Puzzle solving autonomy for yards

Diving deeper into

Scott Sanders, Chief Growth Officer at Forterra, on autonomy for every vehicle

Interview
you're going to have to solve puzzles, not pattern match
Analyzed 8 sources

This reveals that Forterra is betting ground autonomy will be won by systems that can reason through one off physical situations, not just replay moves seen in training data. In a yard or railhead, trailers, containers, people, and blocked paths change every day, often with weak connectivity and poor GPS. That makes autonomy look less like consumer self driving and more like defense robotics, where the software has to keep working when the map is wrong and the scene is messy.

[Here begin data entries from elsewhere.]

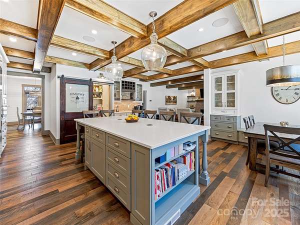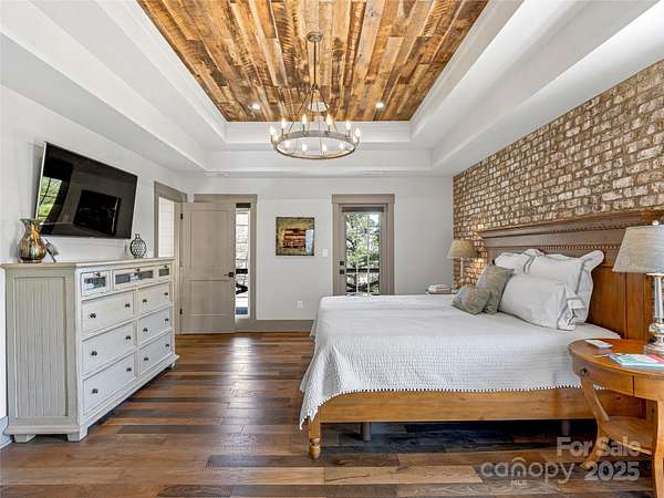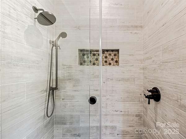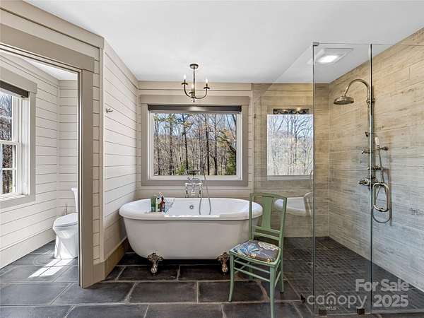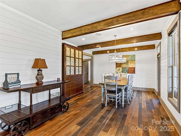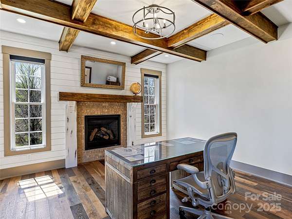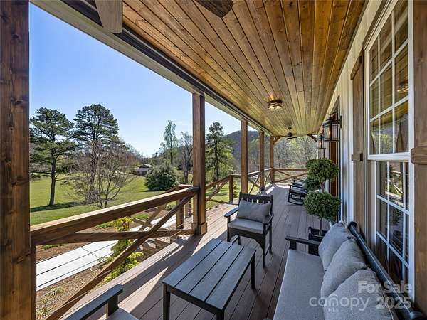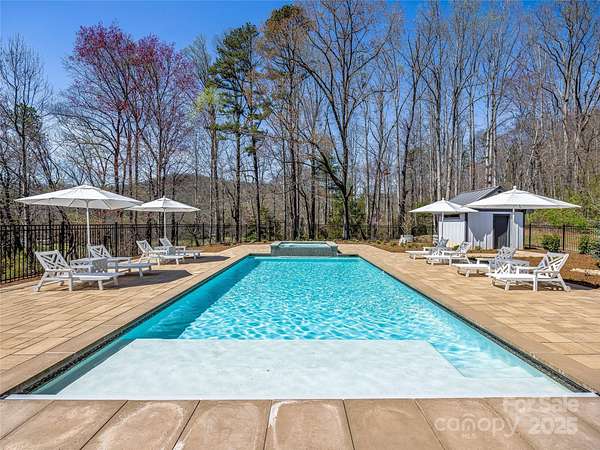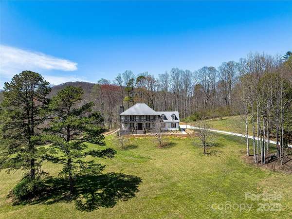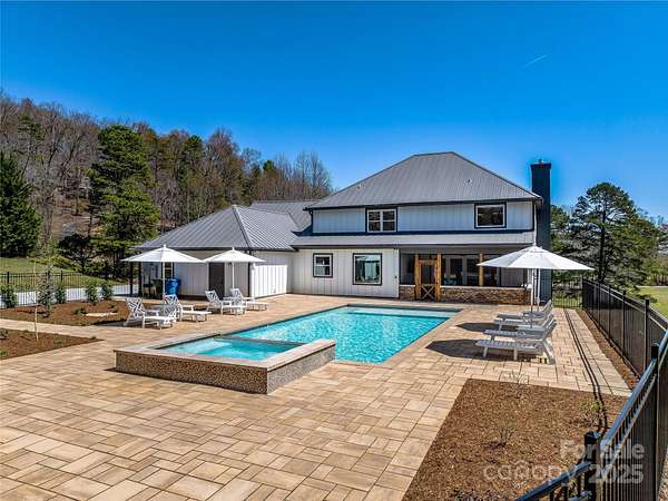 Completely transformed modern farmhouse on 5.5 acres w/ mountain views! This 4BR/3.5BA home features premium designer finishes, top-tier upgrades & $100K+ in smart tech: whole-home audio, Lutron lighting, power shades, security cameras on 4 sides & more. Interior highlights include engineered hardwoods, shiplap, coffered ceilings, soundproof office & living room each w/ gas fireplace plus gourmet kitchen w/ 10' quartzite island, workstation sink & Thermador appliances, including dual-fuel range w/ warming drawer, convection oven. Primary suite has raised ceiling, brick accent wall, & spa-like bath w/ chromotherapy clawfoot tub, heated tile floor, walk-in closet. Backyard oasis touts 18'x38' heated saltwater gunite pool w/ hot tub, swim jet, Baja shelf, auto cover, smart lighting. Screened porch w/ outdoor TV, EV-ready garage, RV pad w/ 50-amp plug, fully conditioned crawlspace. Turnkey luxury experience convenient to Asheville & Hendersonville amenities. Only 9 minutes to the Asheville airport.
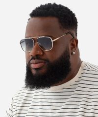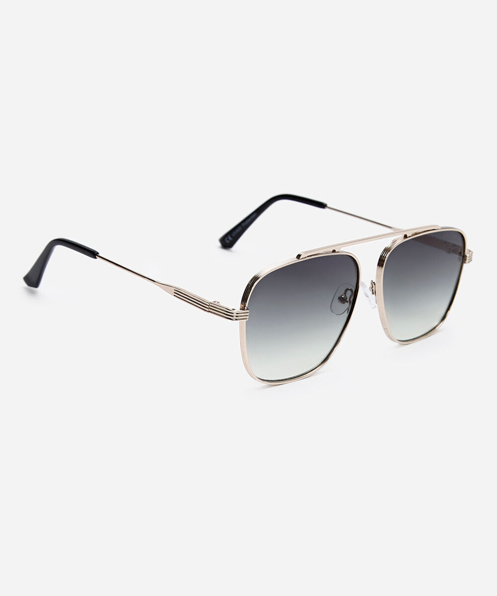 Óculos de sol desenvolvido em metal resistente na cor dourada, com formato aviador e as extremidades arredondadas. A lente na cor verde, a ponte em U e plaquetas embutidas. Com proteção da lente UVA e UVB.
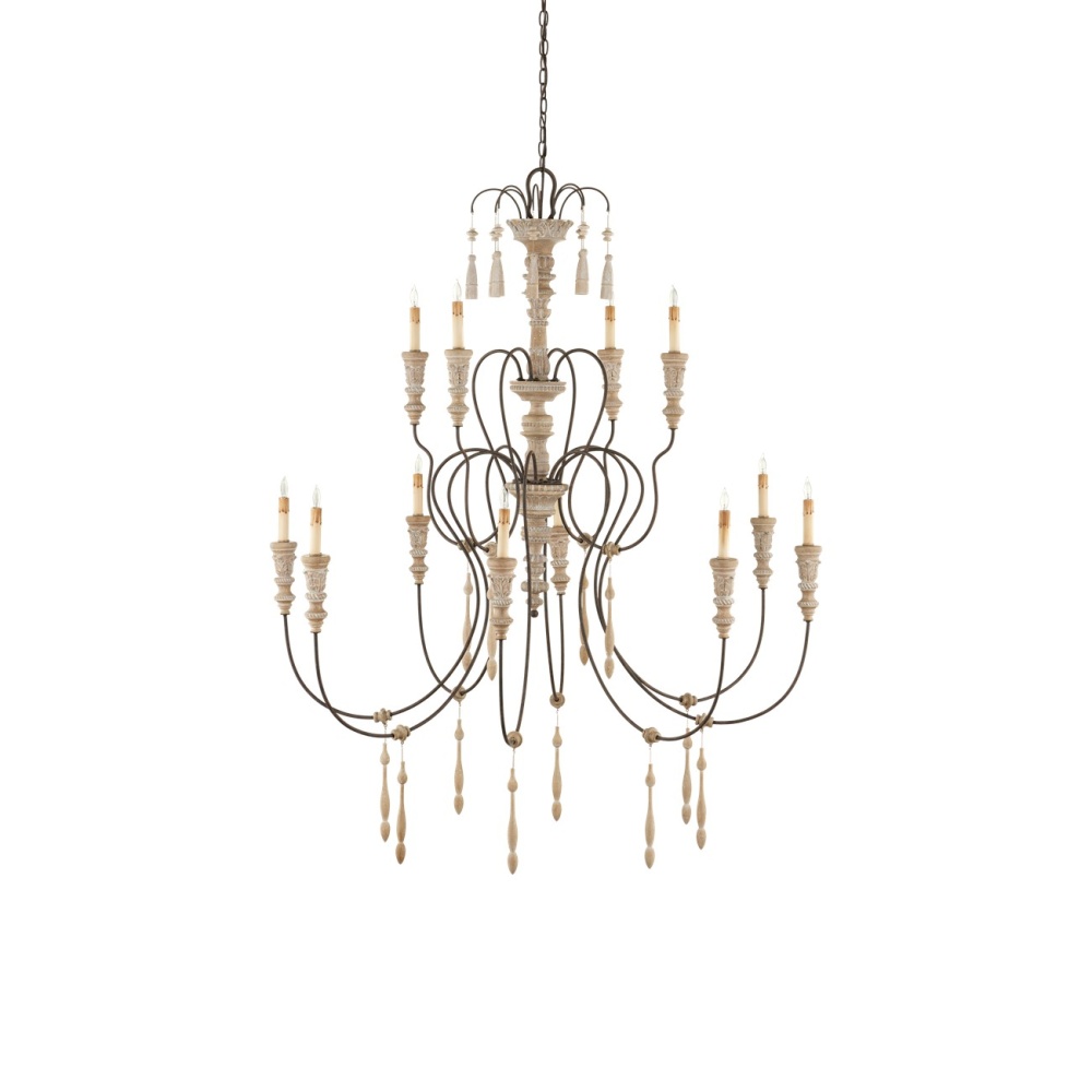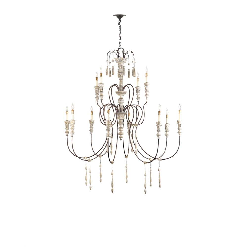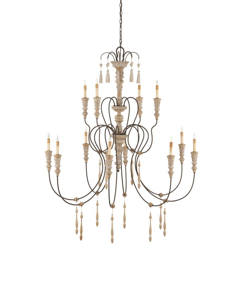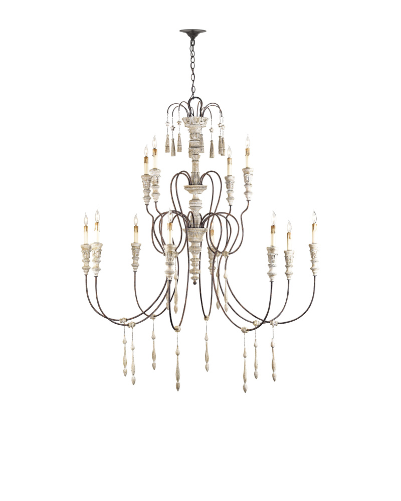 All of the exquisite details enlivening our series of Hannah Chandeliers are instilled into this large version befitting a lovely chateau in the South of France. The Hannah Chandelier provides the spaces it graces with a grand dose of charm. This exemplar of traditional European design shines brightly in large spaces. The 12-light chandelier has hand-carved accents, evocative of turned wood, that are made more graceful by our unique Stockholm white finish. The scalloped wrought-iron frame has been treated to a rust finish to bring a hint of aged beauty to this fixture.
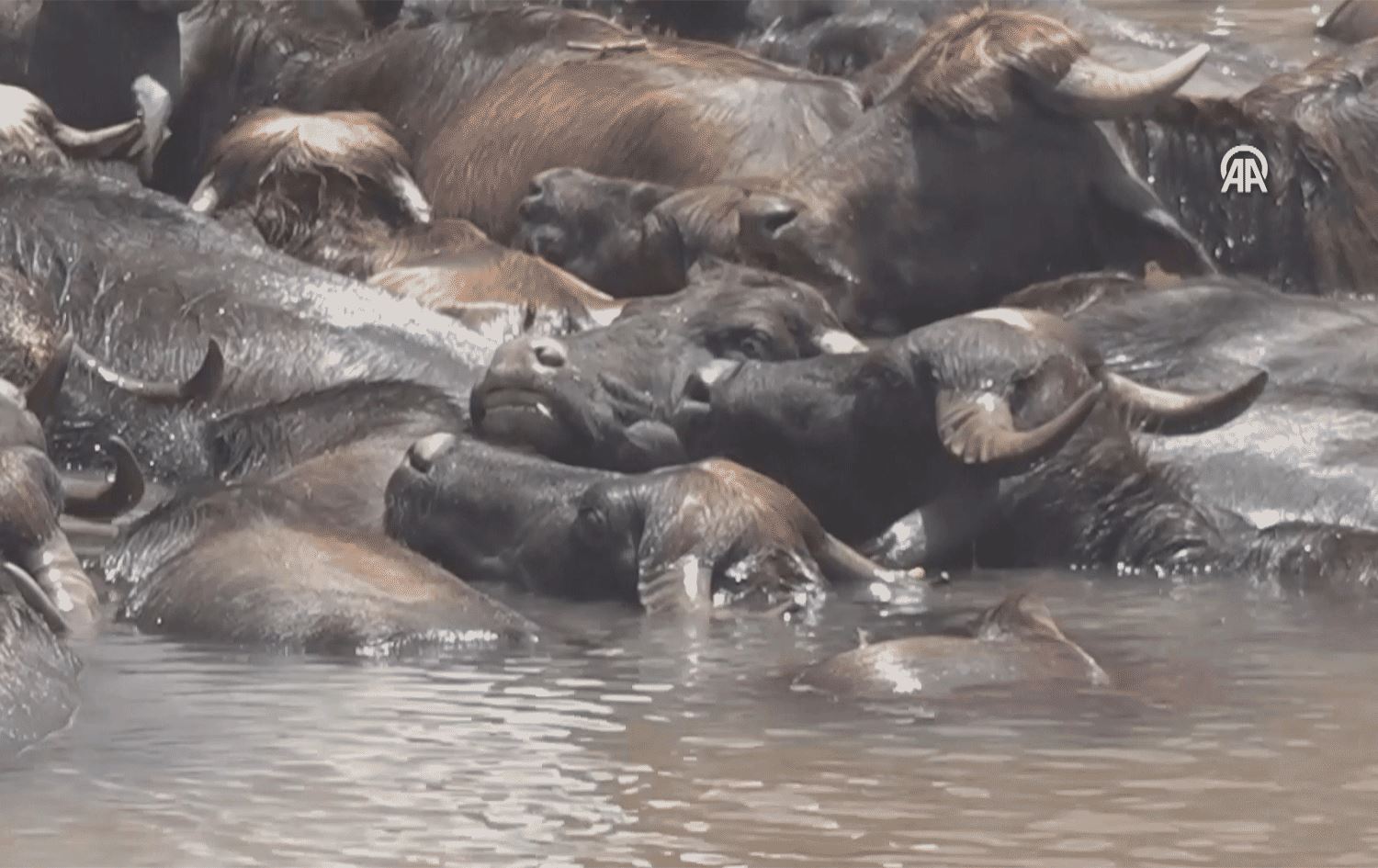 لە ئامەدی باکووری کوردستان گامێشەکان دەبردرێنە نێو چەم و رووبارەکان بۆ ئەوەی لە گەرمای هاویندا نەمرن و فێنکیان بێتەوە.
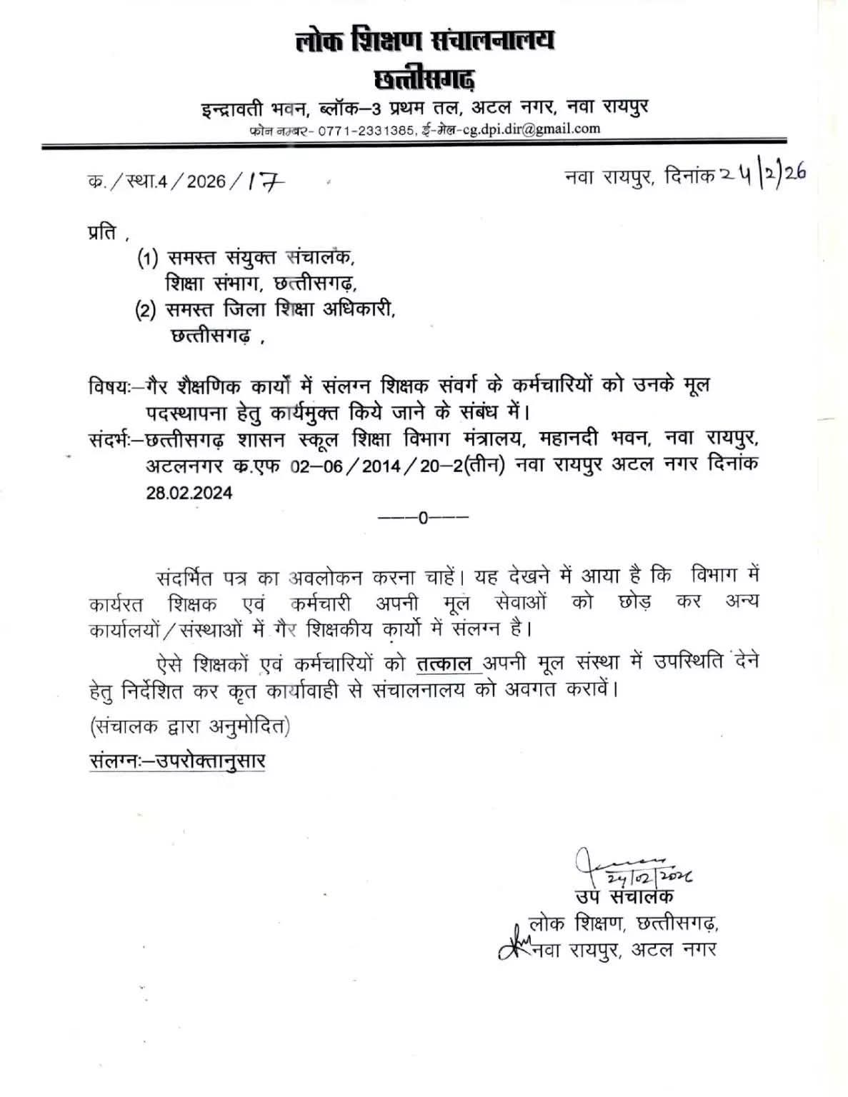 = गैर शिक्षकीय कार्य में लगे शिक्षकों को कार्यमुक्त करने डीपीआई का आदेश =
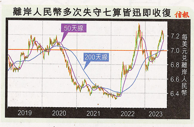 2018年中美貿易戰開打,使人民幣滙價更趨波動,附【圖】所見·離岸價(CNH)於2019年8月兌美元首度失守七算,到同年12月成功收復,於2020年和2022年都曾經「破七」,但僅3至5個月便能回穩收復;目前美元下跌空間有限,除非中央一如市場憧憬在7月底祭出重拳刺激經濟,否則只怕「今次真的不一樣」,人民幣數月內也難見七算。值得留意的是,人民幣上周回勇卻連50天線亦無法突破,而七算剛好為200天線位置,技術上構成龐大阻力。
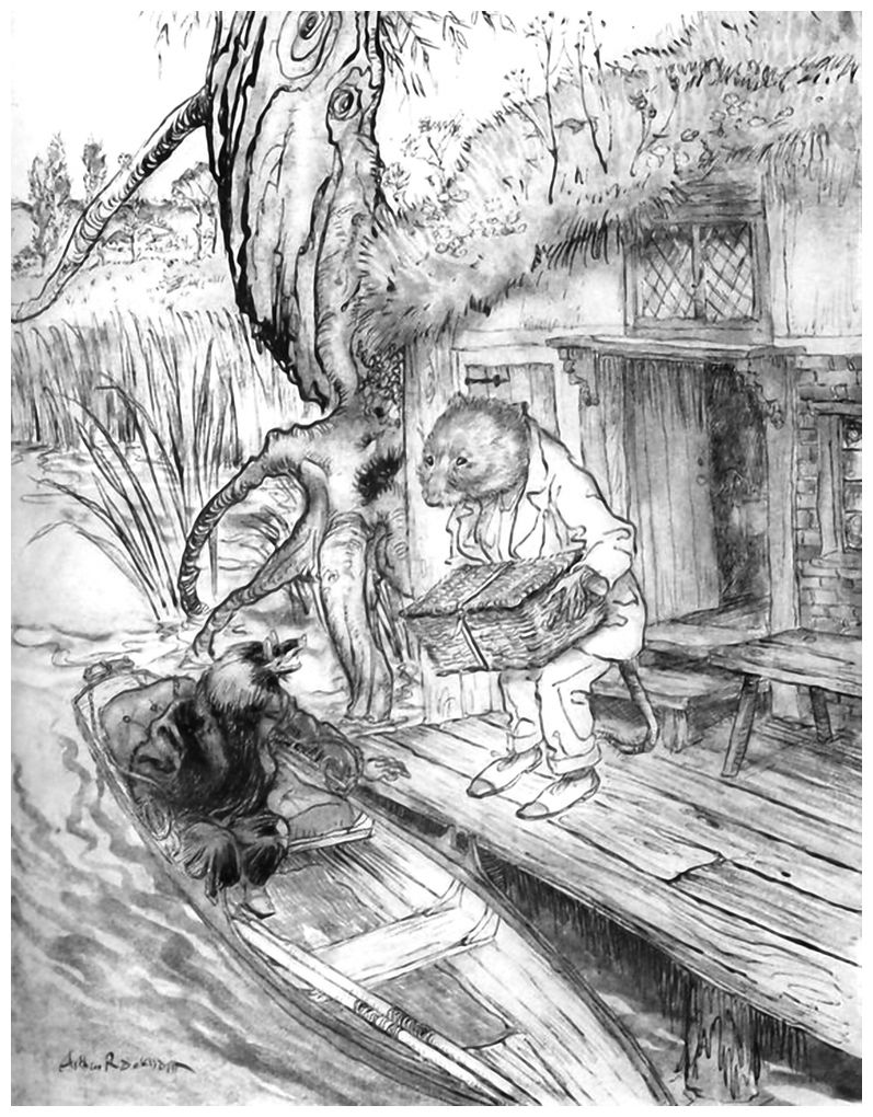 – Тогда подожди меня тут минутку! – сказал Крыс. Он привязал веревку к скобе причального столбика, вскарабкался ко входу в свой домик и спустя недолгое время вернулся, сгибаясь под тяжестью весьма объемной плетеной корзинки с едой.
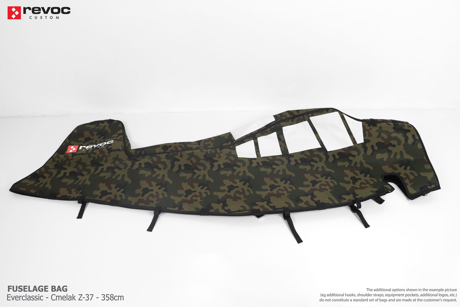 REVOC RC fuselage covers are designed to ensure safe and comfortable transport of your RC airplane in the best style. These custom fuselage covers feature expressive patterns with extensive personalization options, allowing you to stand out among fellow modelers. We craft RC bags specifically for you, tailored to your individual order. You can choose colors, add a logo, include the model name on the cover, and select additional markings or other useful options.
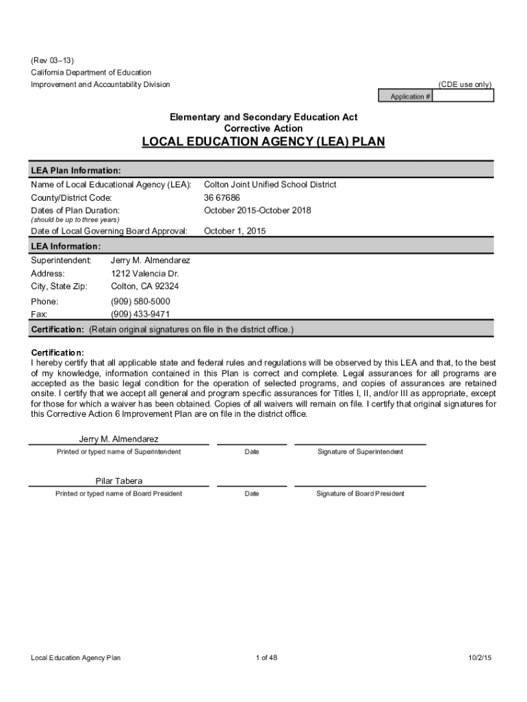(Rev 0313) California Department of Education Improvement and Accountability Division(CDE use only) Application #Elementary and Secondary Education Act Corrective ActionLOCAL EDUCATION AGENCY (LEA)
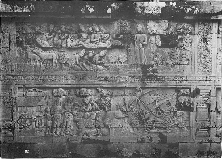 Bas reliëf van de Borobudur, Java, Indonesië (1890-1...
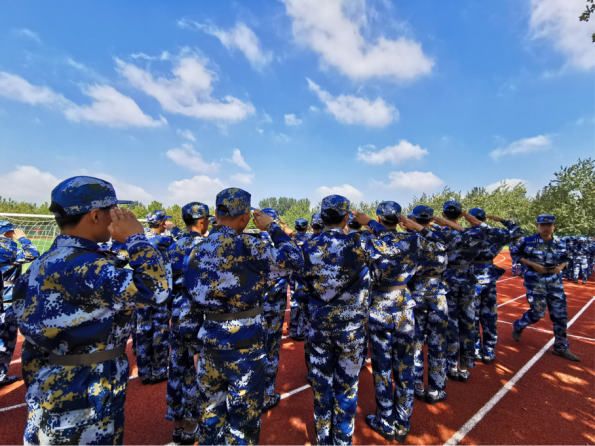 齐河校区的操场上,商学院2021级新生军训正在进行时。教官严格要求新生整理军容和端正军姿,不时亲自示范,并手把手纠正基本的动作,同学们在英姿飒爽的教官的带领下认真训练,丝毫没有半点偷懒。
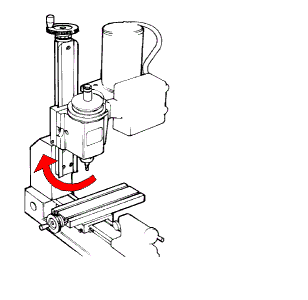 The motor is turn at 90° to its normal milling position, so the blade attached to the spindle will be parallel to the lathe bed.
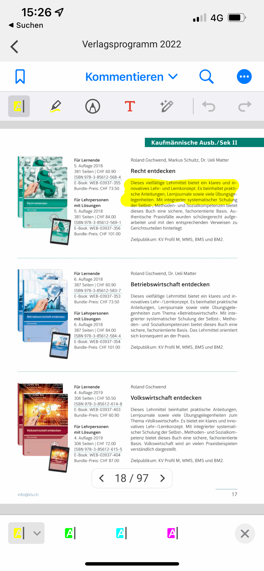 Im eBooks KLV Verlag App können Sie die Lehrmittel, Repetitorien und Nachschlagewerke vom KLV Verlag als E-Books beziehen. Die App ist kostenlos und bietet Ihnen von jedem Titel eine kurze Leseprobe zur Voransicht. Mit verschiedenen Zusatzfunktionen finden Sie sich rasch im E-Book zurecht und können einfacher und schneller damit arbeiten.
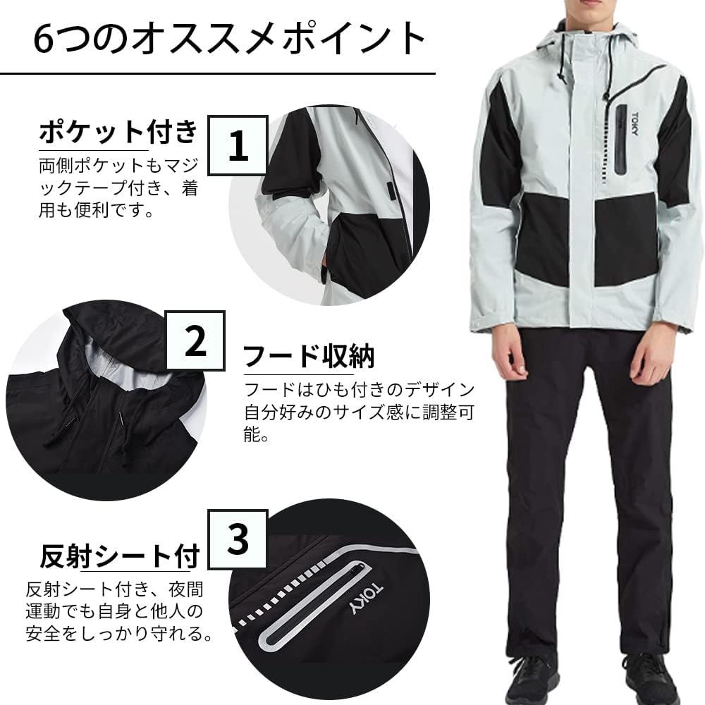 [Arashiyama] Rainwear, Rain Suit, Top and Bottom Set, Men's [Waterproof, Windproof, Lightweight, Includes Reflective Sheet] Golf Rainwear, Windbreaker, Kappa, Bike Rain Jacket, Outdoor Sports, Mountain Parka, Hiking, Fall/Winter, Unisex, Typhoon Protecti

  • Forterra chose terminal tractors because the economics are tighter and the deployment problem is simpler. Large yards cluster many vehicles in one place, so a company can supervise early rollouts with fewer people, integrate once with a dominant OEM, and spread the autonomy stack across many vehicles at the same site.
  • The product is not just a driverless truck. Kalmar supplies the factory vehicle and yard automation hooks, while Forterra supplies AutoDrive, the onboard system that senses obstacles, plans paths, and keeps operating in mixed traffic and all weather. That is a concrete example of puzzle solving embedded in an industrial workflow.
  • This same design logic shows up in defense. Forterra describes a distributed system that cannot depend on a central brain or perfect communications, and Anduril is pushing a similar integrated software plus hardware model for robotic combat vehicles. The common requirement is autonomy that keeps functioning when infrastructure is limited and conditions keep changing.

The next step is more autonomy in places that look like yards before it reaches open roads at scale. As compute and sensor costs keep falling, the winning companies are likely to be the ones that turn rugged, factory integrated autonomy into a repeatable product for ports, depots, and military logistics, then expand outward from those controlled but constantly changing environments.